As markets matured and product differentiation lessened, marketers found it increasingly difficult to work to a persuasion strategy. Fact is, once the competition catches up (and in a globalised world they inevitably will), what is there left to say?
The answer is, of course, to transform your product from a thing (with rational benefits) into a mental construct (with positive associations). Rather than labour to persuade consumers of objective benefits (washes whiter, tastes better, lasts longer, etc.), why not create thoughts, feelings and beliefs about it which differentiate it from the rest?
Brands help us to make (lots of) decisions quickly and fairly efficiently. Because brand choice is a mostly a low-risk activity, non-rational processes (such as ‘gut feel’ and heuristics) are usually good enough and, provided product delivery is adequate, we don’t usually feel cheated or short-changed.

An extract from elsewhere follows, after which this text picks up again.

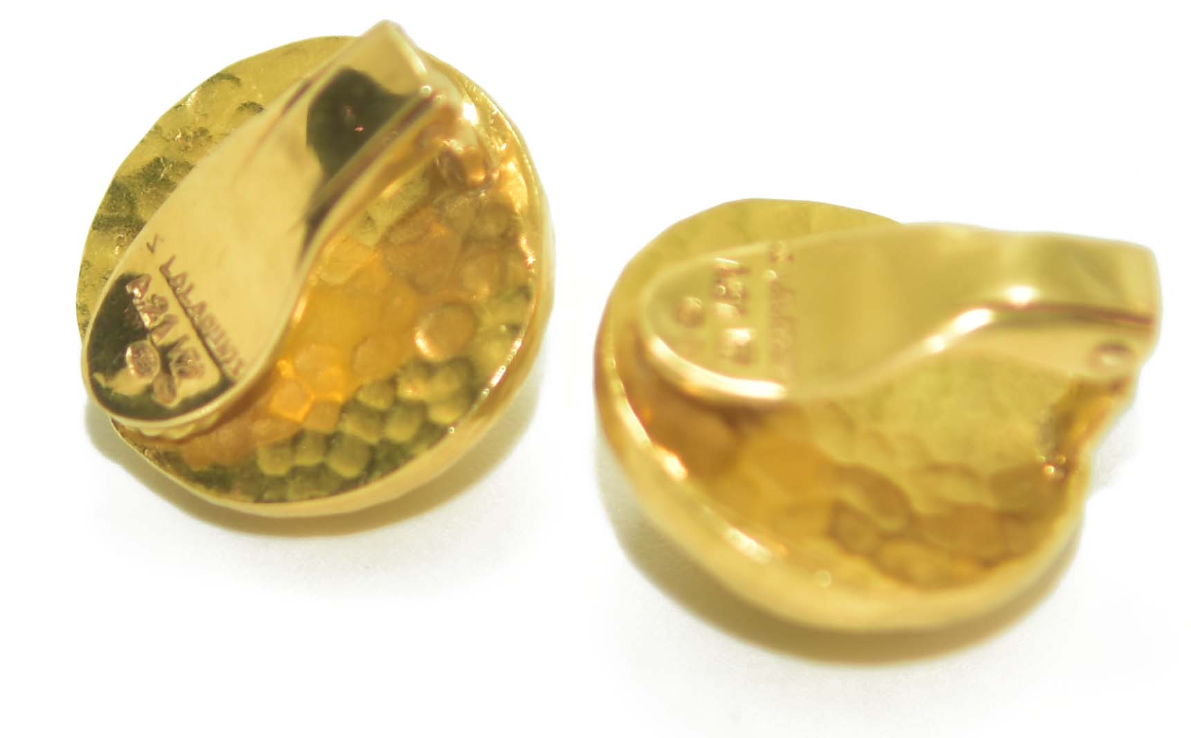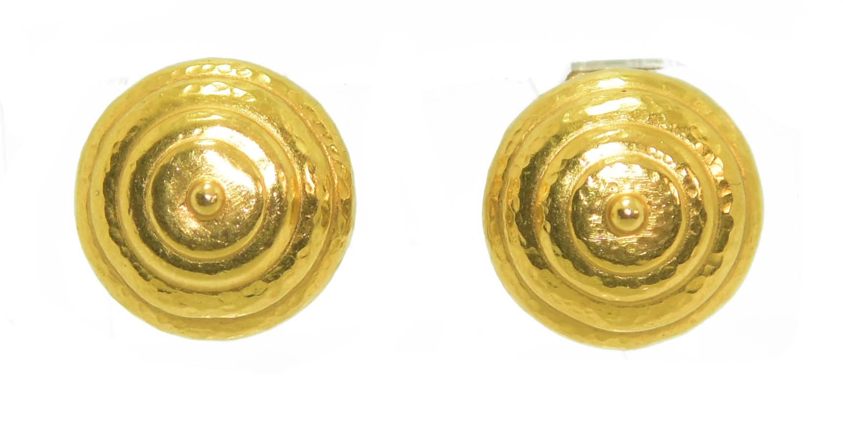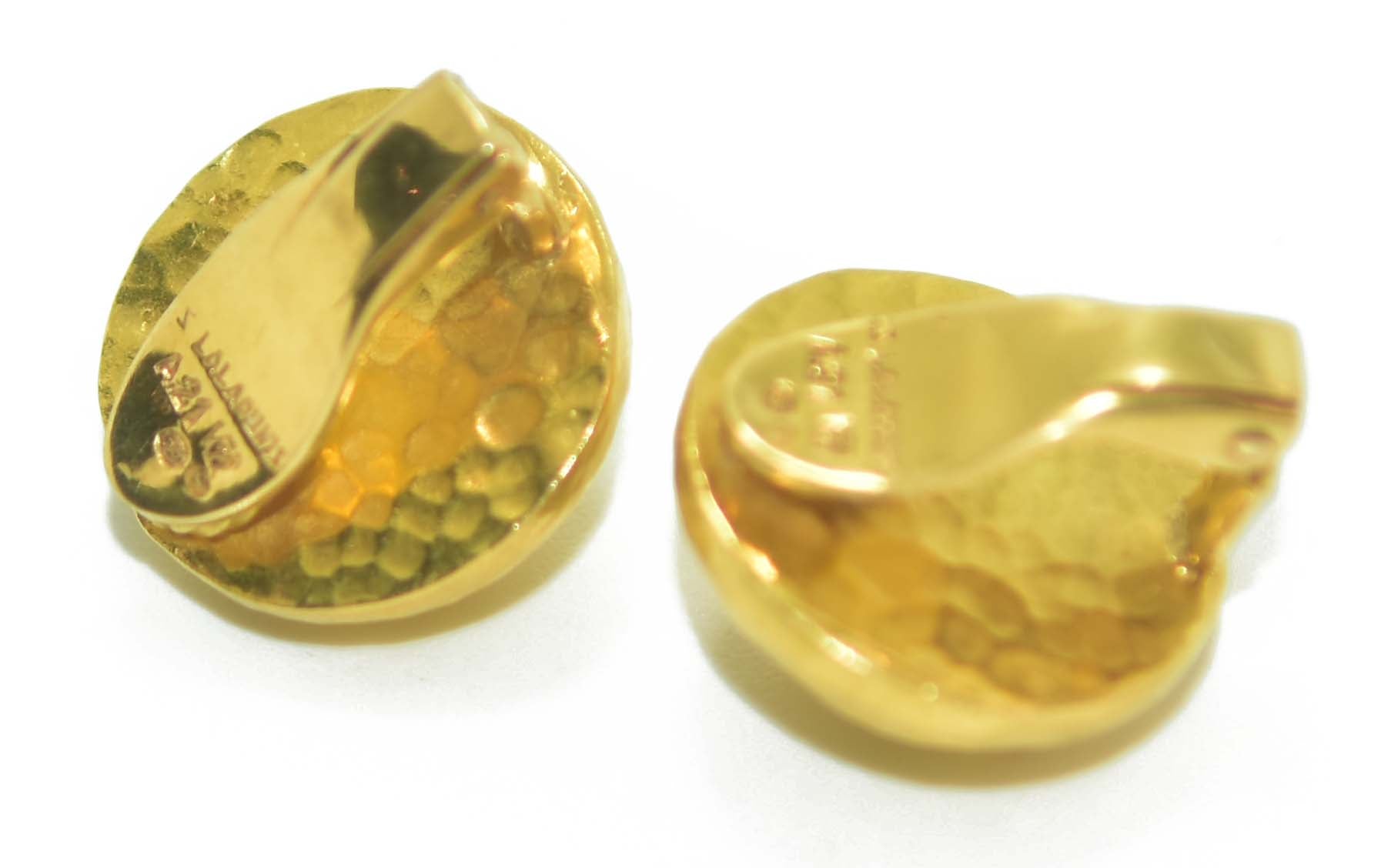 Paire de clips d'oreilles Lalaounis en or jaune, composée de 2 ravissants motifs ronds godronnés en or jaune.

If I buy a new brand of toothpaste and I don’t like it, it’s a minor disappointment not a disaster. I can always buy a different brand next time. Problem is, once we transfer that kind of decision making to politics what do you get? If you elect the wrong president you have to wait four years to put it right. And if you vote for Brexit or Scottish independence you’re probably stuck with that decision for ever.
Perhaps, in a hundred years or so, brands will be seen as the most significant cultural phenomenon of the late 20th century – as a sort of triumph of mind over matter. But do we really want a political system that works on similar principles? Politics needs to rise above gut reaction: it needs reason as well as emotion.
Give me democracy not emocracy any day!